Tribune libre

La présidente de l’Unef Sorbonne est trop jeune pour nous berner (K. Slougui)

par Khaled Slougui, consultant formateur, président de l’association Turquoise Freedom. 11 juin 2018

L’étudiante est trop jeune pour nous rouler dans la farine ; et ce n’est pas à un vieux singe qu’on apprend à faire la grimace. Et pour cause : sa sémantique est celle des salafistes.

"Il n’y a pas qu’un" ; on voudrait nous faire accepter la remise en cause de l’universalité des principes (liberté, égalité, laïcité..). En effet, les salafistes ont pour stratégie de tout relativiser, c’est leur façon de semer le doute, tant et si bien que tout ce qui relève des valeurs communes est battu en brèche.

Régis Debray en parle très bien dans son livre Allons aux faits : s’instaure un « tout se vaut, donc rien ne vaut » qui efface les frontières entre le vrai et le faux, le nécessaire et le gratuit, l’impératif et le facultatif. N’importe quel 2 + 2 = 5 devient une position intéressante, et le 2 + 2 = 4 une option parmi les autres.

Dans un de ses livres, Tarik Ramadan dénonce l’arrogance de l’Occident qui veut imposer sa conception de la liberté - entendez par là que la femme voilée c’est une forme de liberté, le mariage de la fille à 10 ou 12 ans en est une autre, ainsi que la polygamie... D’autres salafistes disent "Oui pour la laïcité, mais il y a différentes laïcités".

Au final, c’est la remise en cause du système de valeurs sur lequel fonctionne notre société qui est visée.

Un rapide retour sur l’expérience algérienne. Années 1970 : 0 voile à l’université ; années 2000 : 95 % de voiles à l’université. Aujourd’hui un ami vient de publier un post sur Facebook : des magasins affichent que les femmes non voilées sont indésirables. Le feu est dans la maison. Pour paraphraser Alfred De Musset "On ne badine pas avec la laïcité".

Par ailleurs, pour qui est rôdé dans l’analyse du discours, forme et contenu, il est évident que celui de cette jeune fille a été appris par coeur ; il est loin d’exprimer et signifier une liberté de ton qui d’ailleurs n’est pas permise chez les islamistes.

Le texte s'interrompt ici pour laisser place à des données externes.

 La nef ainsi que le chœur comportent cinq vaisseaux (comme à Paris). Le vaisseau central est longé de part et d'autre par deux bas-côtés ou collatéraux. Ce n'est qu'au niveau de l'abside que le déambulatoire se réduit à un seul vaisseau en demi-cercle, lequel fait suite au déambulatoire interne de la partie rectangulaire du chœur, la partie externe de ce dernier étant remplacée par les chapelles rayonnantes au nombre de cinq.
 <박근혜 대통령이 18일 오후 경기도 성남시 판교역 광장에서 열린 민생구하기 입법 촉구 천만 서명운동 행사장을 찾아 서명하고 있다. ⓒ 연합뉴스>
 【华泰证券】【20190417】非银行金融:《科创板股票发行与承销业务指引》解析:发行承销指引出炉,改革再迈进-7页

Pour l’exemple, dans une de ses déclarations sur le voile, Marwan Muhammad du CCIF reprend, mot pour mot, celle de Tarik Ramadan dans le livre Mon intime conviction, fût-elle très ambigüe comme d’habitude : "Il est anti-islamique d’imposer le voile à une femme et c’est une atteinte aux droits de l’Homme que de lui imposer de l’enlever". C’est, pourrait-on dire, le ni-ni à la sauce salafiste. Cette façon de diffuser la doctrine rappelle étrangement la pratique des sectes.

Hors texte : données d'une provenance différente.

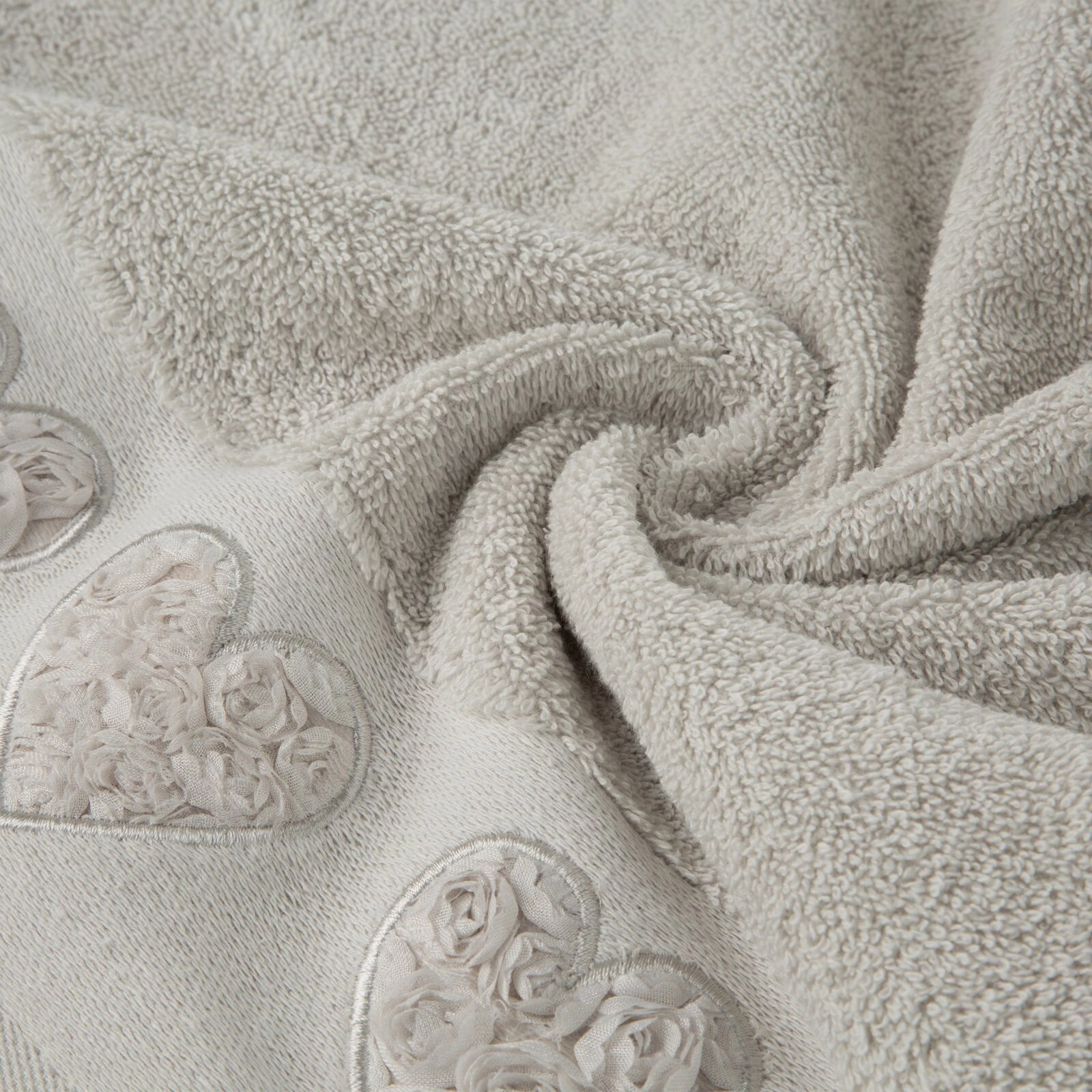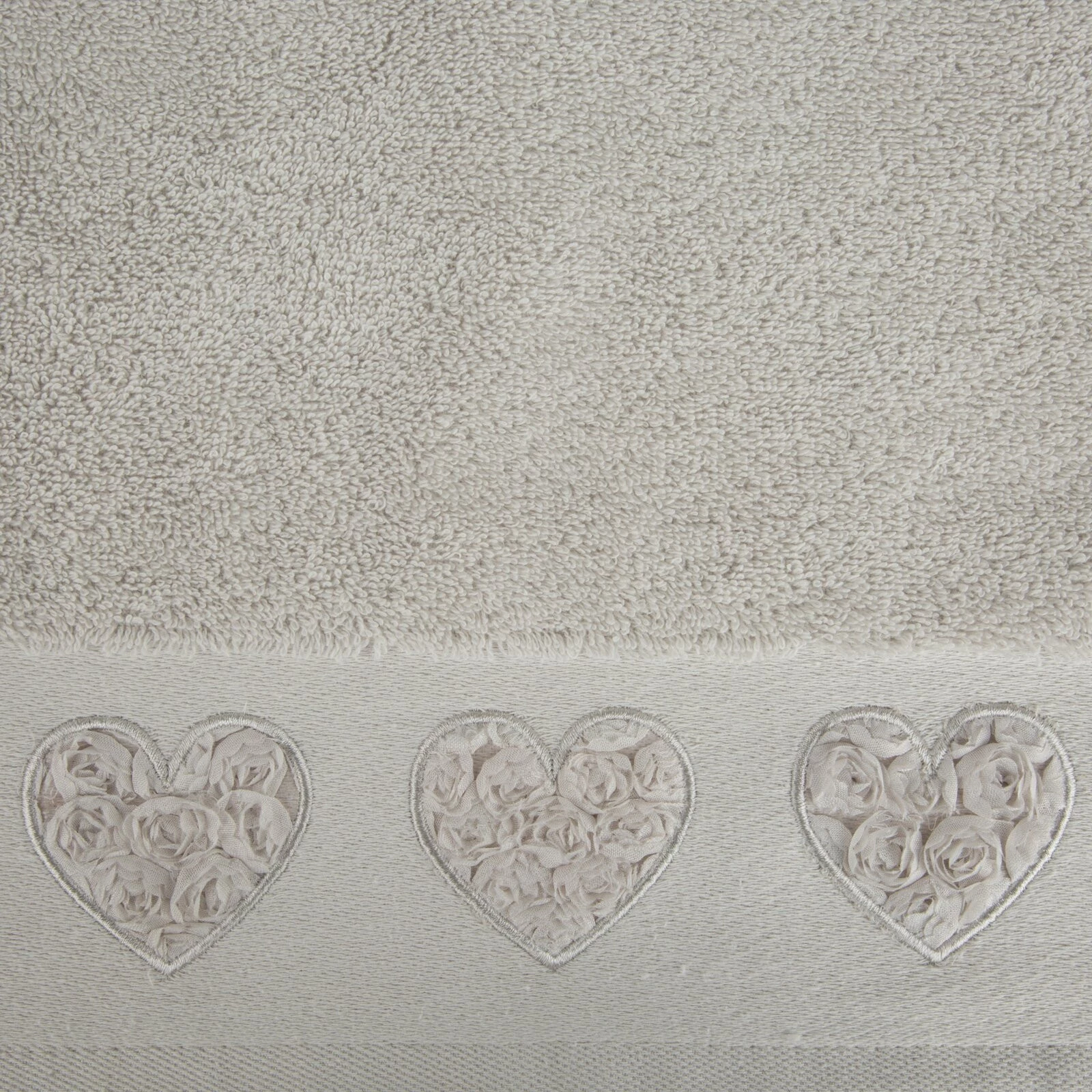 Piękny ręcznik kąpielowy z miękkiej i chłonnej bawełny frotte zdobiony na bordiurze aplikacją w formie serduszek wypełnionych różyczkami. Doskonały na prezent. szerokość: 50 cm, długość: 90 cm, kolor: szary, Gramatura: 500 GSM, Skład: 100% bawełna; część ozdobna: 100% poliester

Au plan théorique, c’est ce qu’on appelle le relativisme culturel. Moi, je dis, je persiste et signe : respecter toues les cultures, oui ! Tout respecter dans ces cultures, non ! Mille fois non ! Car admettre la différence, cela ne signifie non plus s’interdire tout jugement sur des pratiques attestant un pouvoir de domination ou d’assujetissement, pour parler comme Henri Pena-Ruiz.

Enfin, cette jeune étudiante ne maîtrise pas son sujet ; elle ne sait pas si elle est syndicaliste, auquel cas son rôle est de défendre tous les étudiants(es). Ou si elle est militante féministe, et alors elle défend les femmes, certaines femmes, celles qui portent le voile, pas celles qu’un de ses mentors, Hani Ramadan considère « comme une pièce de monnaie qui circule de main en main ».

A l’image de ses gourous, et fidèle à la doctrine, elle est dans le « il n’y a pas qu’un seul féminisme ».

Au bout du compte, il semble plus plausible que cette étudiante était en service commandé ; d’autres l’on fait avant elles dans d’autres domaines : tester la résistance de la République.

Contrairement à ce qu’elle prétend, son voile n’a qu’un seul sens, le sens politique.